Kossack Jed Lewison thinks it's an unsubstantiated smear by Tucker Carlson's Daily Caller. The story the Caller is running names no sources. The story they're running is that presidential candidate Michele Bachmann is dependent on a host of pills, ostensibly to fight debilitating migraines.
The links are below. Here's my take.
The wording of the piece suggests (to me) that the unnamed sources for the allegations may include former Bachmann press secretary David Dziok or another former staff members. Yes, that's speculation, but that's all we are allowed to do with the Bachmann camp--they simply do not address negative press. (And this piece I'm writing here is not "a report," it's discussion.)
Scenario one: The Caller piece qualifies as a smear, because it ties the language of pills and debilitating migraines to Bachmann's "mood," suggesting she's erratic and thus unqualified to hold office. But--we must weigh the fact of the smear against the fact that--wait for it...
(CONTINUED)
...we must weigh the fact of the smear against the fact that Bachmann is erratic. She's undeniably erratic, she's got a career long history of lying, exaggerating, unapologetic hypocrisy, conspiracy theory allegations. Thus, you can't dismiss this particular smear as another "attack on women in political leadership roles." At the end of the day, Bachmann's erratic statements, outright denial of established reality (I'm thinking, for example of her televised denial to Alan Colmes that she ever said the things she was televised saying on Chris Matthews' Hardball.) These segregate her particular case from that of other women in politics.
One of the implications of the smear: Bachmann is surrounded by family members with medical and therapy degrees. Her husband's a therapist and counsellor, her son's an M.D., her brother's a psychiatrist. If she's taking something besides over the counter relief for migraines--what is it, and who's providing it to her?

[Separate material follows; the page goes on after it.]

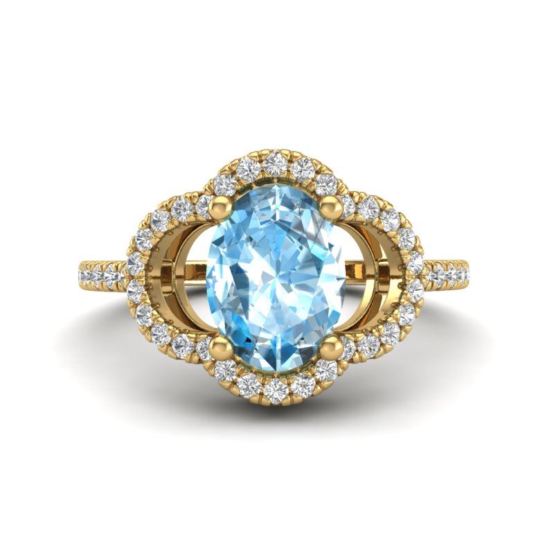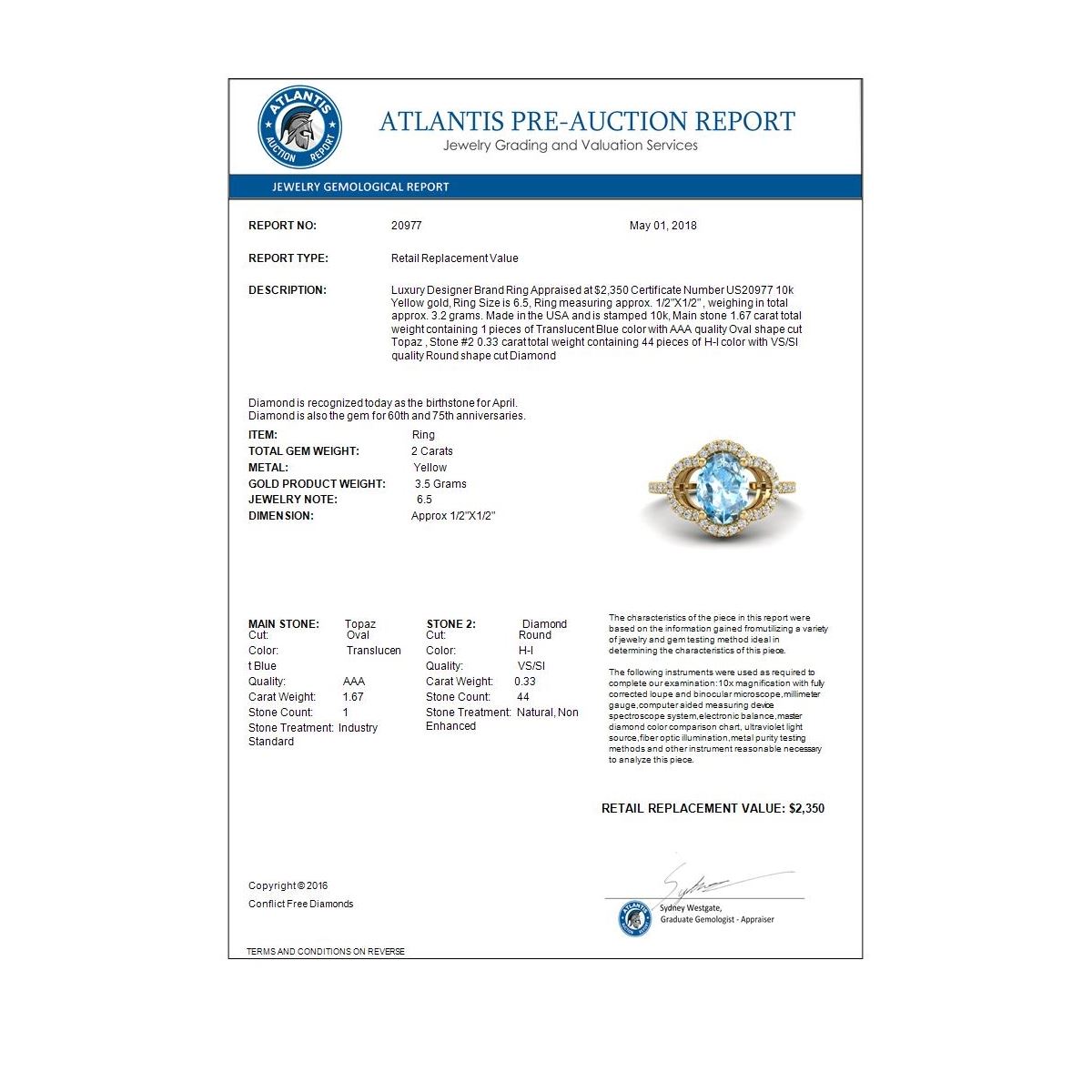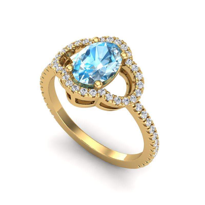 REF-32M9H -20977 ---- 2 CTW Topaz & Micro Pave VS/SI Diamond Ring 10K Yellow Gold ---- Luxury Designer Brand Ring Appraised at $2,350 Certificate Number US20977 10k Yellow gold, Ring Size is 6.5, Ring measuring approx. 1/2"X1/2" , weighing in total approx. 3.2 grams. Made in the USA and is stamped 10k, Main stone 1.67 carat total weight containing 1 pieces of Translucent Blue color with AAA quality Oval shape cut Topaz , Stone #2 0.33 carat total weight containing 44 pieces of H-I color with VS/SI quality Round shape cut Diamond

Thus: If the press decides to pursue the story, if more people decide to talk, and the public gets a list of her current and past medications for these migraines or mood problems or whatever they are: this could be the story that stops this candidacy, prevents her from getting on a White House ticket somewhere, and saves us all from the down ticket effect of Bachmann's presence on the ticket. That effect is the impact of a mobilized army of conservative evangelical volunteers, donors, media, and voters on the Senate, Congressional, state and local contests next: brought to the polls by their almost cultic fervor for Michele.
Scenario Two:
It's another Bachmann "mind-fuck." There's an inquiry into the medications she takes for migraine relief, and they turn out to be entirely innocuous. The smear was leaked to the establishment GOP on purpose, so it would backfire, creating tremendous sympathy for Michele not only among the base who accept her as a martyr, but among independent voters she needs to win broad support. If this is the byzantine case, it would qualify as "another" Bachmann mind-fuck because an essential feature of her career had been presenting herself as the victim of conspiracies against her to stop her personal crusade to champion true Christianity and political freedom.
If it's a smear plain and simple ("no truth to the smear-y suggestions of lots of pills, not just Advils and standard treatments for migraines"), then it could be the stupidest thing that Bachmann opponents within the GOP establishment ever pulled. Bachmann has her own national media (the national conservative evangelical media.) If it's revealed as a groundless smear, Bachmann will come out of it smelling like a rose, fast-tracked past the establishment suits for the WH ticket, and the people who own that conservative evangelical media are going to go head-hunting in the GOP establishment.
Jed Lewison's piece on Kos, right now:
http://www.dailykos.com/...
Daily Caller piece:
http://dailycaller.com/...
UPDATE:
This is the "unintentionally funniest sentence" so far on this story. The author is Alex Pareene of Salon, this is the final sentence in Pareene's critical piece on the Caller story:
"Michele Bachmann is unfit to be president because she's a demented religious nutcase and a far-right extremist. But she seems to have managed her migraines well enough to make it this far."
Uh...okay... interesting commentary about Bachmann's "mind" there, on "her skill at managing migraines with medications" as related to "her demented religious nutcase and far-right extremist mindset," there... How much does a writer at Salon get, to turn out these kinds of perceptions?